All that is wanted is the line with "Ein weicher Sweat" and each line after it to the end of the data below, set down exactly and without pictures.

Dataset items
◇ ◇ ◇
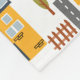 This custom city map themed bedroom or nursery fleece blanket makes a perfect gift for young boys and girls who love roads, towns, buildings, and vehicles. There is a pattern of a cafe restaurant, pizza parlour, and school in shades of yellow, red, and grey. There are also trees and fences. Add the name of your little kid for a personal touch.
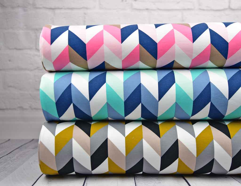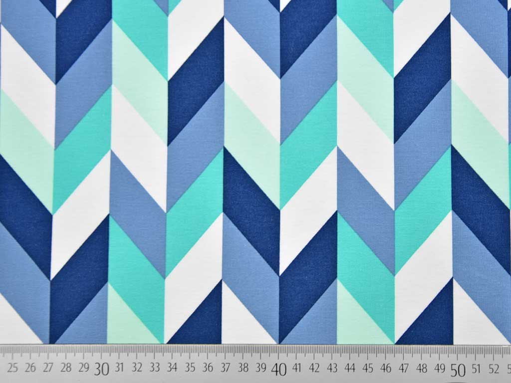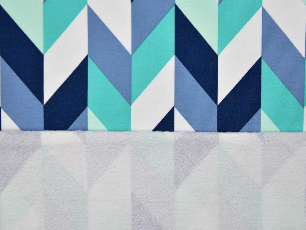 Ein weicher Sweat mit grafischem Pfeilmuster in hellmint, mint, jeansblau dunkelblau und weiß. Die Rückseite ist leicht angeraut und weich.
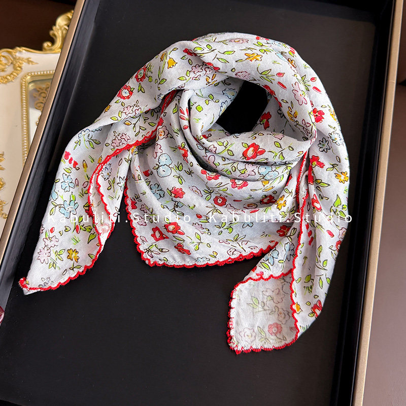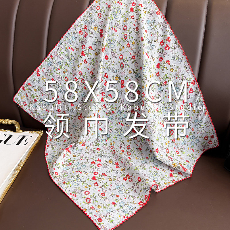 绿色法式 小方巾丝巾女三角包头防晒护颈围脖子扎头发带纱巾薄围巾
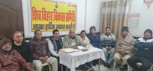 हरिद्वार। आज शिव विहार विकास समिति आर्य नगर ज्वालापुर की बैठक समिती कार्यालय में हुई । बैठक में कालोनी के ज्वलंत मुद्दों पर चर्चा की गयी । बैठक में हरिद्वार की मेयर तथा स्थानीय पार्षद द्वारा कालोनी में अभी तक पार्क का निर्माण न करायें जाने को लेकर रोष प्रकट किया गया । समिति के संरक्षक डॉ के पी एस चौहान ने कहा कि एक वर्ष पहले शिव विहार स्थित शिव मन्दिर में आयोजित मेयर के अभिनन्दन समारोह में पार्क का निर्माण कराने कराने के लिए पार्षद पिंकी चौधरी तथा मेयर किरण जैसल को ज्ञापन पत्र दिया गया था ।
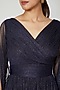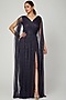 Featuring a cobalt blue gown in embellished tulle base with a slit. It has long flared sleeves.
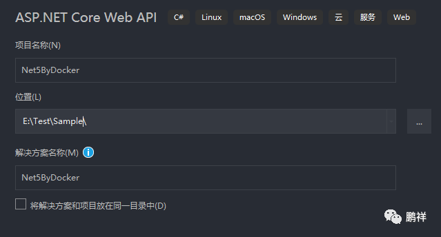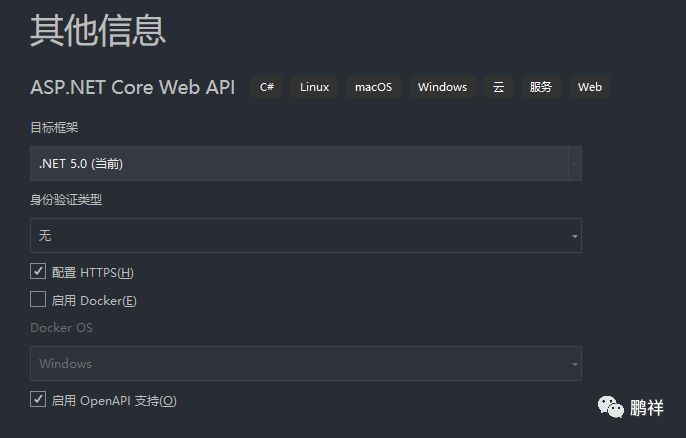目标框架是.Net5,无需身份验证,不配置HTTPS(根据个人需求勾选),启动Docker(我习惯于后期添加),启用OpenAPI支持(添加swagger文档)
◇ ◇ ◇
▸ EXERCISE SOLUTION
 Ein weicher Sweat mit grafischem Pfeilmuster in hellmint, mint, jeansblau dunkelblau und weiß. Die Rückseite ist leicht angeraut und weich.
 绿色法式 小方巾丝巾女三角包头防晒护颈围脖子扎头发带纱巾薄围巾
 हरिद्वार। आज शिव विहार विकास समिति आर्य नगर ज्वालापुर की बैठक समिती कार्यालय में हुई । बैठक में कालोनी के ज्वलंत मुद्दों पर चर्चा की गयी । बैठक में हरिद्वार की मेयर तथा स्थानीय पार्षद द्वारा कालोनी में अभी तक पार्क का निर्माण न करायें जाने को लेकर रोष प्रकट किया गया । समिति के संरक्षक डॉ के पी एस चौहान ने कहा कि एक वर्ष पहले शिव विहार स्थित शिव मन्दिर में आयोजित मेयर के अभिनन्दन समारोह में पार्क का निर्माण कराने कराने के लिए पार्षद पिंकी चौधरी तथा मेयर किरण जैसल को ज्ञापन पत्र दिया गया था ।
 Featuring a cobalt blue gown in embellished tulle base with a slit. It has long flared sleeves.
目标框架是.Net5,无需身份验证,不配置HTTPS(根据个人需求勾选),启动Docker(我习惯于后期添加),启用OpenAPI支持(添加swagger文档)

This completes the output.